Wallaroo 0.5.3 has been released with a ton of improvements!

Learn more

Adventures with cgo: Part 2- Locks and other things that go bump in the night

Hi there! You’re about to read part 2 of a 4 part series about Go performance as told from the perspective of Wallaroo, our distributed stream processor. Part 1 covered issues around having non-Go code holding on to pointers to Go objects. This post builds on part 1.

In this post, we’re going to cover some problems you can run into when using locks within Go code. While the examples discussed are based on the code presented in part one, the general information should be useful to any Go programmer who needs synchronize data using locks. This post “closes to loop” on a few issues that weren’t addressed in part 1. Reading part 1 before this post will help with understanding nuance in this post, but I’ll be providing enough background so that it isn’t required.

If you’re an expert user of locks, mutexes, atomics and what not, the content of this post probably seems obvious to you. Just remember, there was a time when they weren’t obvious to you. I feel it would be remiss to not address them as an addendum to part 1. Between part 1 and this post, you should be in a good place to implement a similar solution yourself without encountering any pitfalls.
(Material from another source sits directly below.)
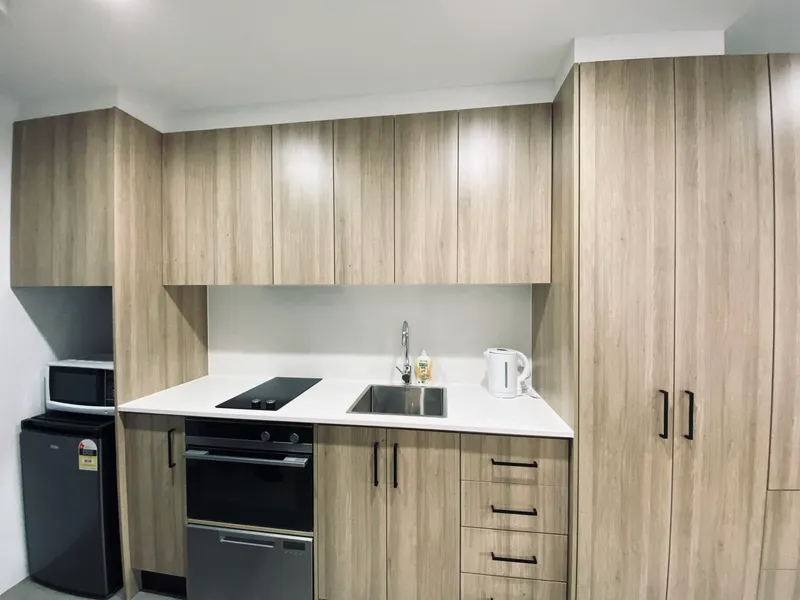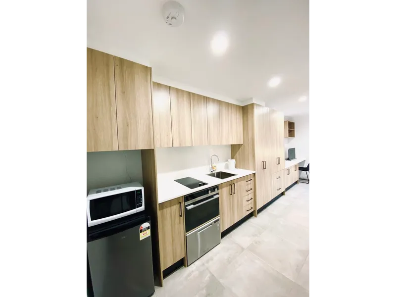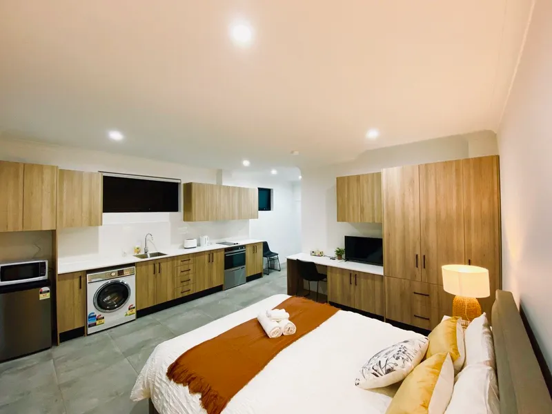 The accommodation is for an entire studio suite, it is fully self-contained with its own kitchen, bathroom. Designed for modern living these apartments offer a convenient lifestyle with bright interiors & modern finishes. Totally private, clean, modern and well equipped with built-in wardrobes, modern kitchen and laundry facilities within the studio.

Let’s get started by looking at a bit of background on our product Wallaroo and why we ended up needing to become well-versed in the ways of Go, cgo, and locks within Go. If you are familiar with Wallaroo, its Go API, and where we left off at the end of part 1 feel free to skip ahead to “Generating Keys”.

The Wallaroo Go Story

Wallaroo is a distributed stream processor. The first public release was of our Python API in September 2017. Earlier this year, we did a preview release of our new Go API.

Wallaroo is not a pure Go system. We wrote the core of Wallaroo in Pony. Developers writing Go applications using the Wallaroo Go API implement their logic in Go. Our blog post introducing the Go API has an excellent overview of what a developer is responsible for writing.
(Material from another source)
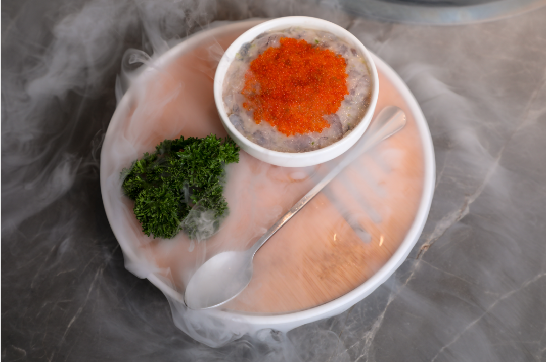 新鲜虾滑加入颗粒分明的飞鱼籽,口感丰富,每一口咬上去,鱼子在唇齿间爆裂,虾肉鲜香滑嫩。

“Go applications” that are a hybrid of Go and code written in another language (like Pony or C) aren’t actually “Go applications.” They are “cgo applications.”

In order deal with some complications that cgo introduces, we introduced a new data structure that would be used extensively by our application, a ConcurrentMap. The concurrent map allowed us to maintain “references” (in the form of unique uint64) to Go objects in C code despite Go not allowing pointers to Go objects to be held by foreign code.
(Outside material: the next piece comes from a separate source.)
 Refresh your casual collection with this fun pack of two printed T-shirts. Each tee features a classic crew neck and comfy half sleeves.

Our example ConcurrentMap ended up in its “final” version as:

import (
  "C"
  "sync"
)

var SHARDS = uint64(64)

type ConcurrentMap []*ConcurrentMapShared

type ConcurrentMapShared struct {
  items map[uint64]interface{}
  sync.RWMutex
}

func NewConcurrentMap() ConcurrentMap {
  m := make(ConcurrentMap, SHARDS)
  for i := uint64(0); i < SHARDS; i++ {
      m[i] = &ConcurrentMapShared{items: make(map[uint64]interface{})}
  }
  return m
}

func (m ConcurrentMap) GetShard(key uint64) *ConcurrentMapShared {
  return m[key%SHARDS]
}

func (m ConcurrentMap) Store(key uint64, value interface{}) {
  shard := m.GetShard(key)
  shard.Lock()
  shard.items[key] = value
  shard.Unlock()
}

func (m ConcurrentMap) Load(key uint64) (interface{}, bool) {
  shard := m.GetShard(key)
  shard.RLock()
  val, ok := shard.items[key]
  shard.RUnlock()
  return val, ok
}

func (m ConcurrentMap) Delete(key uint64) {
  shard := m.GetShard(key)
  shard.Lock()
  delete(shard.items, key)
  shard.Unlock()
}

Generating Keys

Let’s pick up from where we left off, we have our ConcurrentMap, and we are going to be using uint64s as keys. The question is, how do we generate them?

The most straightforward means would be to keep a counter and increment it each time we need a new identifier. This approach has a couple of welcome qualities.

  • It’s easy to understand what is happening.
  • It works well with the sharding strategy in our ConcurrentMap.

That would look something like:

type IdGenerator struct {
  mu sync.Mutex
  id uint64
}

func (stuff *OurStuff) id() uint64 {
  stuff.mu.Lock()
  currentId := stuff.id
  stuff.id++
  stuff.mu.Unlock()
  return currentId
}

It’s straightforward to understand how identifiers are generated. Each time we need a new one, return the current value of OurStuff.id to our caller and increment the value of OurStuff.id so we’ll have a unique identifier for the next caller.

This strategy works well with our sharding strategy for our ConcurrentMap:

func (m ConcurrentMap) GetShard(key uint64) *ConcurrentMapShared {
  return m[key%SHARD_COUNT]
}

By using an “increment by 1” id, we will get an “even at any time distribution” across ConcurrentMap shards. If we have 64 shards, then our use of modulo of key over shard count would result in something like:

id:0 => shard:0
id:1 => shard:1
id:2 => shard:2

We will try to add new items to each shard one after another until we reach the last shard until we start over from the beginning. This even distribution of writes should mean that unless we have more than 64 different attempts at once to write a new item into our map, each one should be able to obtain the shard’s write lock without having to wait for the mutex.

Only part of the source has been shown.